我目前有 d1 形式的数据框,想将其转换为 d2:
d1:列为:国家/地区、Movie_type(值为动作、浪漫或戏剧)、1 月 20 日、2 月 20 日和 3 月 20 日。
d2:列为:国家/地区、月份-年份(值为 Jan-20、Feb-20 或 Mar-20)、动作片、戏剧、浪漫片..
(请注意,戏剧和浪漫栏不显示 d1 的实际计数,只有动作显示)。
d1 = pd.DataFrame({
"Country" : {0: "Australia",1: "Australia", 2:"Australia", 3:"Canada", 4:"Canada", 5:"Israel", 6:"India",7: "India", 8:"Poland", 9: "Zambia"},
"Movie_type" : {0: "Action",1:"Drama",2: "Romance",3: "Romance",4: "Action",5: "Action",6: "Action",7: "Drama",8: "Drama",9:"Action"},
"Jan-20" :{0: 0,1: 1,2: 2,3: 3,4: 0,5: 3,6: 2,7: 0,8: 2,9: 5},
"Feb-20" :{0: 2,1: 3,2: 2,3: 1,4: 0,5: 0,6: 2,7: 4,8: 2,9: 7},
"Mar-20" :{0: 1,1: 5,2: 2,3: 7,4: 4,5: 8,6: 2,7: 4,8: 5,9: 9}
}
)
d2 = pd.DataFrame({
"Country" : {0: "Australia",1: "Australia", 2:"Australia", 3:"Canada", 4:"Canada", 5:"Canada", 6:"Israel",7: "Israel", 8:"Israel", 9: "India", 10: "India", 11: "India", 12: "Poland", 13: "Poland", 14: "Poland", 15: "Zambia", 16: "Zambia", 17: "Zambia"},
"Month_year" : {0: "Jan-20",1: "Feb-20", 2:"Mar-20", 3: "Jan-20",4: "Feb-20", 5:"Mar-20",6: "Jan-20",7: "Feb-20", 8:"Mar-20",9: "Jan-20",10: "Feb-20", 11:"Mar-20",12: "Jan-20",13: "Feb-20", 14:"Mar-20",15: "Jan-20",16: "Feb-20", 17:"Mar-20"},
"Action" :{0: 0,1: 0,2: 0,3: 0,4: 0,5: 0,6: 3,7: 0,8: 0,9: 2,10:0,11:0,12:0,13:0,14:0,15:5,16:0,17:0},
"Drama" :{0: 0,1: 0,2: 0,3: 0,4: 0,5: 0,6: 0,7: 0,8: 0,9: 0,10:0,11:0,12:0,13:0,14:0,15:0,16:0,17:0},
"Romance" :{0: 0,1: 0,2: 0,3: 0,4: 0,5: 0,6: 0,7: 0,8: 0,9: 0,10:0,11:0,12:0,13:0,14:0,15:0,16:0,17:0}
}
)
如何将 Movie_types 转换为列名并将 MMM-YY(目前在 d1 中作为列名)转换为行的差异值?如果这是一个 stack/unstack/pivot 或重塑问题,我很乐意接受教育。
使用 DataFrame.melt
with DataFrame.pivot
,正确的顺序是将值转换为日期时间:
df = (d1.melt(['Country','Movie_type'],
var_name='Month_year')
.assign(Month_year = lambda x: pd.to_datetime(x['Month_year'], format='%b-%y'))

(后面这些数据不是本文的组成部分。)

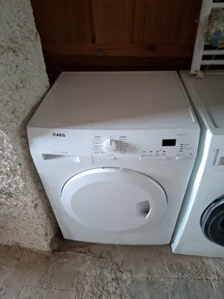 Secadora de ropa AEG de 7 kilos, sin tubo de condensación.. - Color blanco. - Panel de control con programas. - Puerta frontal redonda. - Como somos tienda de segunda mano, damos tres meses de garantía. Posibilidad de llevarla a domicilio por la zona de Valls.
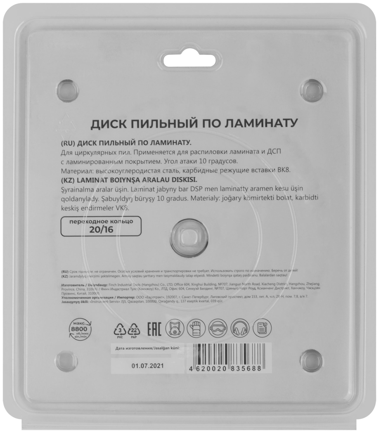 Диск пильный для циркуляр.пил по ламинату 160х20х48Т+кольцо 20/16 мм

.pivot(['Country','Month_year'], 'Movie_type','value')
.fillna(0)
.astype(int)
.rename(index = lambda x: x.strftime('%b-%y'), level=1)
.reset_index()
)
print (df)
Movie_type Country Month_year Action Drama Romance
0 Australia Jan-20 0 1 2
1 Australia Feb-20 2 3 2
2 Australia Mar-20 1 5 2
3 Canada Jan-20 0 0 3
4 Canada Feb-20 0 0 1
5 Canada Mar-20 4 0 7
6 India Jan-20 2 0 0
7 India Feb-20 2 4 0
8 India Mar-20 2 4 0
9 Israel Jan-20 3 0 0
10 Israel Feb-20 0 0 0
11 Israel Mar-20 8 0 0
12 Poland Jan-20 0 2 0
13 Poland Feb-20 0 2 0
14 Poland Mar-20 0 5 0
15 Zambia Jan-20 5 0 0
16 Zambia Feb-20 7 0 0
17 Zambia Mar-20 9 0 0
我刚开始学习 Python 并希望实现重塑它在 R 上的完成方式。
我目前有 d1 形式的数据框,想将其转换为 d2:
d1:列为:国家/地区、Movie_type(值为动作、浪漫或戏剧)、1 月 20 日、2 月 20 日和 3 月 20 日。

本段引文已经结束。